2.09k stars 283 forks source link

Whisper-live taking same time on CPU and GPU to transcribe an audio #204

Closed prem1303 closed 6 months ago

prem1303 commented 7 months ago

I am using whisper-live==0.2.1 , faster-whisper==0.10.0 and Ctranslate2==4.0.0

Transcribing a 30-second audio file currently requires the same amount of time whether processed on a CPU or GPU, approximately 2 minutes. Any guidance on enhancing GPU performance to expedite this task would be greatly valued.

makaveli10 commented 7 months ago

https://github.com/collabora/WhisperLive/issues/201

makaveli10 commented 6 months ago

@prem1303 which model are you using?

prem1303 commented 6 months ago

I solved the issues. Thank you very much for your support and time.

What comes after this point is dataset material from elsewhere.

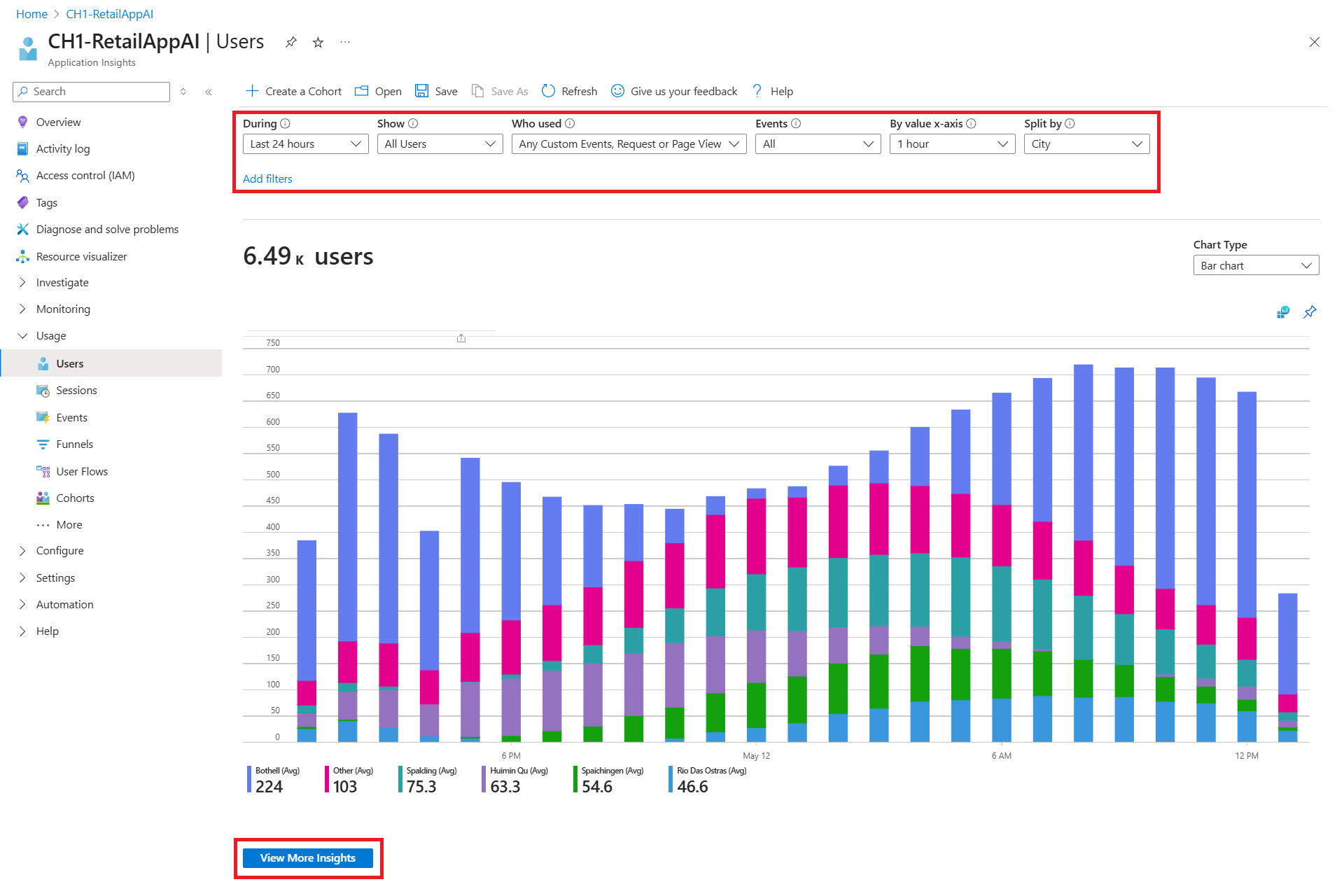 Application Insights es una eficaz herramienta de observabilidad que recopila datos de telemetría para mostrar cómo interactúan los usuarios con la aplicación. Esto incluye información sobre qué características son más populares, si los usuarios logran sus objetivos, dónde abandonan y si vuelven más adelante.

makaveli10 commented 6 months ago

Glad that you could solve the issue @prem1303, feel free to post the solution here or open a Pull request if WhisperLive's code still has the problem since we are busy with other projects so, we rely on the community for this time to help us in improving WhisperLive.

alpcansoydas commented 6 months ago

@prem1303 Can you share the solution please ? :)

makaveli10 commented 6 months ago

@alpcansoydas @prem1303 Now that i put a thought to it. I guess it should take same amount of time no? because its real-time transcription and you process audio frames as you receive it not before that. So, if your CPU is good enough and you use a smaller size model it should be fast on both CPU and GPU. Although, that shouldnt be the case with small, medium or large-v2/large-v3.